PDBsum entry 4znb

Hydrolase

PDB id: 4znb

Contents

Protein chains

227 a.a. *

Metals

_NA ×2

_ZN ×2

Waters ×102

* Residue conservation analysis

PDB id:

4znb

Name:

Hydrolase

Title:

Metallo-beta-lactamase (c181s mutant)

Structure:

Metallo-beta-lactamase. Chain: a, b. Synonym: class b beta-lactamase. Engineered: yes. Mutation: yes

Source:

Bacteroides fragilis. Organism_taxid: 817. Variant: clinical isolate qmcn3. Gene: ccra3 (without signal sequence. Expressed in: escherichia coli bl21(de3). Expression_system_taxid: 469008.

Resolution:

2.65Å R-factor: 0.173 R-free: 0.250

Authors:

Z.Li,O.Herzberg

Key ref:

Z.Li et al. (1999). Structural consequences of the active site substitution Cys181 ==> Ser in metallo-beta-lactamase from Bacteroides fragilis. Protein Sci, 8, 249-252. PubMed id: 10210203 DOI: 10.1110/ps.8.1.249

Date:

20-Oct-98 Release date: 08-Jun-99

Protein chains

P25910  (BLAB_BACFG) -  Metallo-beta-lactamase type 2 from Bacteroides fragilis

Seq: 249 a.a.

Struc: 227 a.a.*

* PDB and UniProt seqs differ at 4 residue positions (black crosses)

Enzyme reactions

• Enzyme class: E.C.3.5.2.6 - beta-lactamase.
• Pathway: Penicillin Biosynthesis and Metabolism
• Reaction: a beta-lactam + H2O = a substituted beta-amino acid
• Cofactor: Zn(2+)

DOI no: 10.1110/ps.8.1.249

Protein Sci 8:249-252 (1999)

PubMed id: 10210203

Structural consequences of the active site substitution Cys181 ==> Ser in metallo-beta-lactamase from Bacteroides fragilis.

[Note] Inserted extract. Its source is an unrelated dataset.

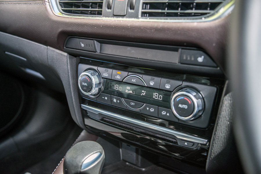 The Mazda6 GT gets a nice leather appointed interior which elevates the feel inside the cabin. It’s not plush, but certainly feels refined. The substance of the steering wheel feels firm and ‘right’ in the hands and the heated electrically adjustable front seats with memory function can be moved into a comfortable seating position.
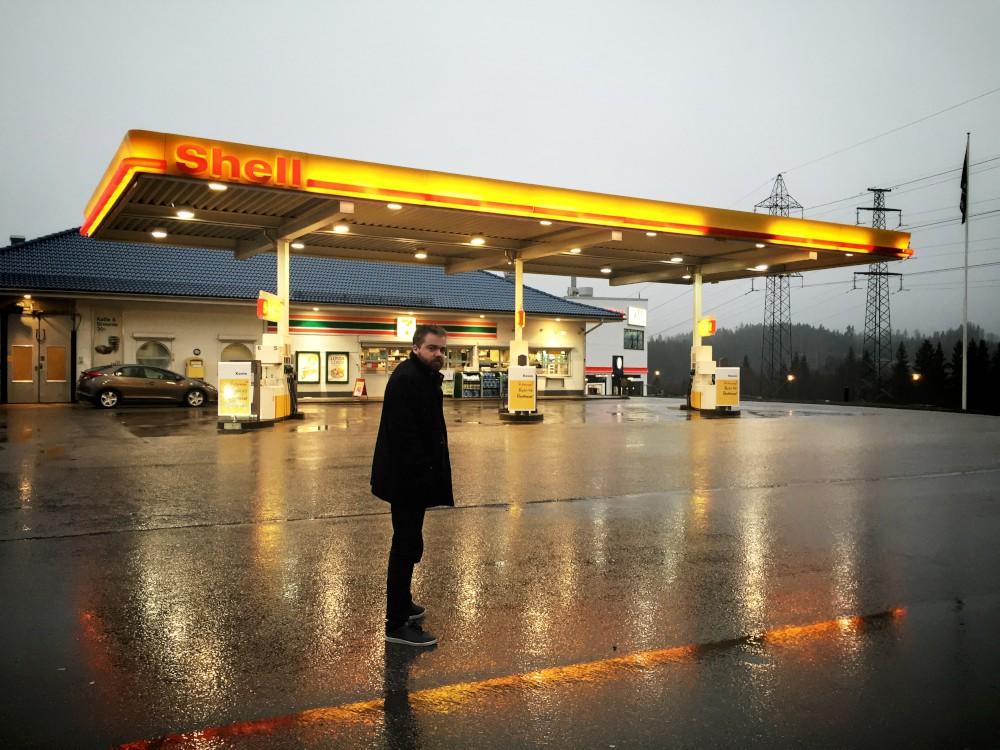 The weather was rainy and dreadful. Reststop posing is not David's main sport.

Z.Li, B.A.Rasmussen, O.Herzberg.

ABSTRACT

The metallo-beta-lactamases require divalent cations such as zinc or cadmium for hydrolyzing the amide bond of beta-lactam antibiotics. The crystal structure of the Zn2+ -bound enzyme from Bacteroides fragilis contains a binuclear zinc center in the active site. A hydroxide, coordinated to both zinc atoms, is proposed as the moiety that mounts the nucleophilic attack on the carbonyl carbon atom of the beta-lactam bond of the substrate. It was previously reported that the replacement of the active site Cys181 by a serine residue severely impaired catalysis while atomic absorption measurements indicated that binding of the two zinc ions remained intact. Contradicting data emerge from recent mass spectrometry results, which show that only a single zinc ion binds to the C181S metallo-beta-lactamase. In the current study, the C181S mutant enzyme was examined at the atomic level by determining the crystal structure at 2.6 A resolution. The overall structure of the mutant enzyme is the same as that of the wild-type enzyme. At the mutation site, the side chain of Ser181 occupies the same position as that of the side chain of Cys181 in the wild-type protein. One zinc ion, Zn1, is present in the crystal structure; however, the site of the second zinc ion, Zn2 is unoccupied. A water molecule is associated with Zn1, reminiscent of the hydroxide seen in the structure of the wild-type enzyme but farther from the metal. The position of the water molecule is off the plane of the carboxylate group of Asp103; therefore, the water molecule may be less nucleophilic than a water molecule which is coplanar with the carboxylate group.